Beam Search

Greedy Decoding

In the attention and LSTM approaches from previous posts, when predicting the next word at a given step, the single word with the highest probability is selected. This is called greedy decoding.

It’s greedy because it picks the locally best option rather than predicting from the overall context.

For example:

input: {difficult French text}, answer: he hit me with a pie

In this situation, suppose the decoder has predicted only ‘he hit a’ so far. It’s clearly become an incorrect sentence, but in greedy decoding there’s no way to go back.

Exhaustive Search

![](/assets/images/Beam search/5e071974-4a49-4fed-baad-01a0420124b7-image.png) In greedy decoding, the output y for a given sentence x can be expressed as a joint probability as shown above. The first term of the joint probability is the probability of outputting y1 given x. The second term is the probability of outputting y2 given y1 and x. The product of all these values represents the probability of output y considering all tokens in the Seq2Seq — a joint probability over simultaneous events.

Goal Maximize $P(y|x)$ . The goal is finding the most natural y.

Problem Greedy decoding may fail to achieve this goal. The issue is making myopic choices that maximize $P(y_1|x)$ . Such choices might cause subsequent terms after $P(y_1|x)$ to shrink, potentially reducing the overall value.
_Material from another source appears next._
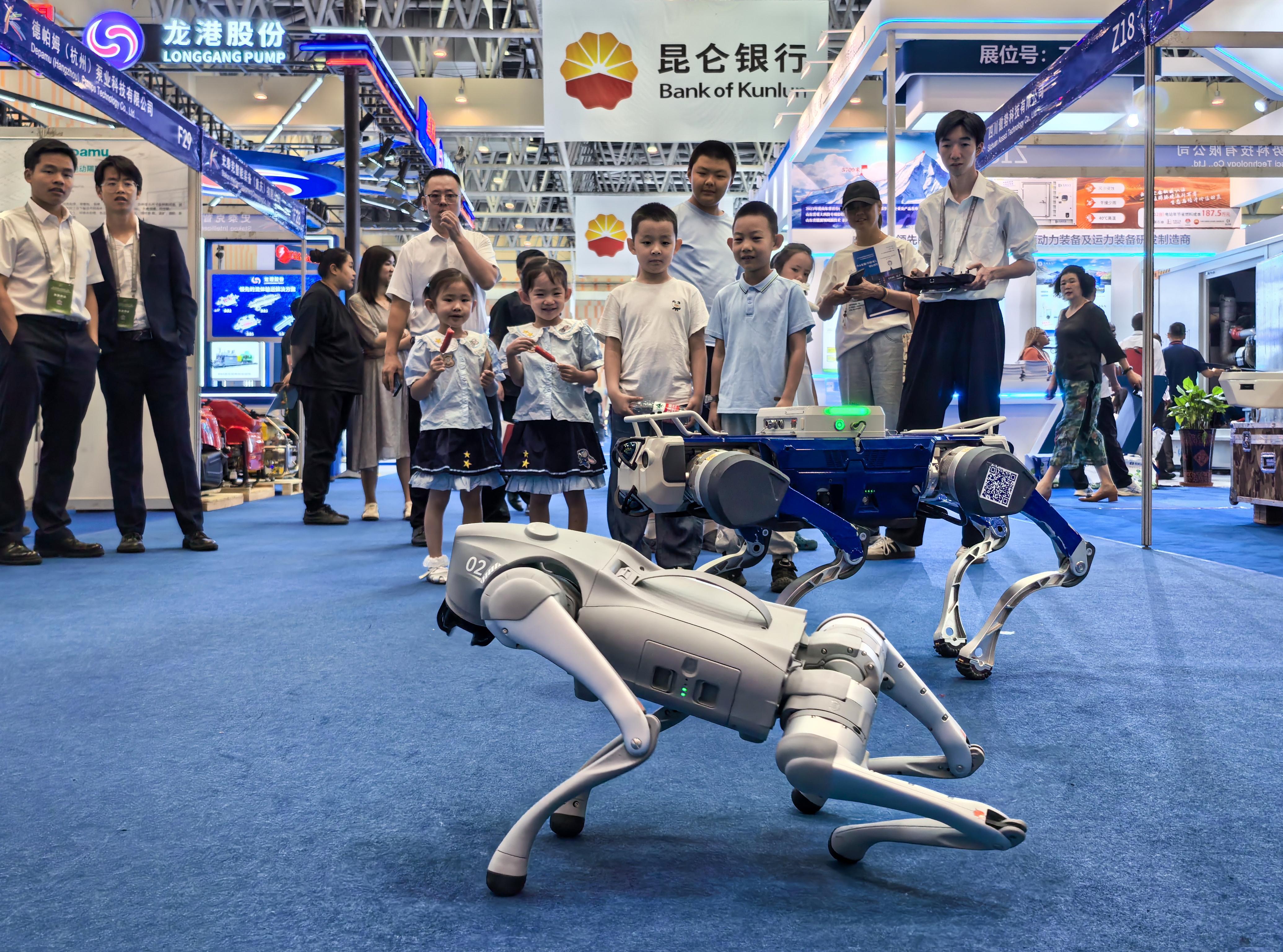 8月13日,第七屆中國(克拉瑪依)國際石油天然氣及石化技術(shù)裝備展覽會現(xiàn)場,市民帶著孩子近距離觀看參展商帶來的四足機(jī)人和機(jī)器狗。8月13日至15日,大會面向公眾免費(fèi)開放,公眾可攜帶身份證前往市會展中心參觀交流。

Solution Even if the probability at time t decreases, make choices that can increase the overall value. Computing all possible options at time t would accomplish this. If the number of choices at decoder time t (i.e., the vocabulary size) is $V^t$ , the complexity would be $O(V^t)$ . That’s way too large.

Beam Search

A compromise between greedy search and exhaustive search. Instead of searching $V^t$ , the user sets a k to search k options from the vocabulary V.

![](/assets/images/Beam search/56127164-40e8-4cbe-9617-f8c4ef530d47-image.png) k: beam size (in practice around 5 to 10) At each step, k hypotheses are explored.

Log is applied to the original joint probability, converting it to a monotonically increasing function. When the domain increases, the range also increases — so the joint probability is maximized when the log-transformed score is also maximized. In other words, applying log is fine.

Doesn’t guarantee a globally optimal solution.
More efficient than exhaustive search.

![](/assets/images/Beam search/f9a523c0-1e1e-4138-a217-778334300d44-image.png) Here hypotheses branch into 4. From start, k hypotheses are generated. At the next step, each of the k generates k more hypotheses. Here k=2, step=2, so the number of hypotheses is $k^n = 2^2 = 4$ .

![](/assets/images/Beam search/361ca7c2-e54c-439a-84a2-7bbc0aaa2589-image.png) But at the next step, it doesn’t create k hypotheses for each of the k. It somewhat greedily selects the k(2) hypotheses with the highest probability values, then creates k hypotheses from those.

Because of this approach, the complexity is much lower than searching all paths.

Hypothesis Termination Condition

When the decoder generates an <END> token. Some hypotheses may finish earlier than others — these results are stored separately, and unfinished ones continue as normal.

Beam Search Termination Condition

When a predetermined timestep T is reached
When at least n hypotheses have terminated

Final Evaluation

Since probability values are between 0 and 1, the score obviously decreases as the joint probability length grows. The log values become negative. So to compute scores fairly, the score is divided by the length.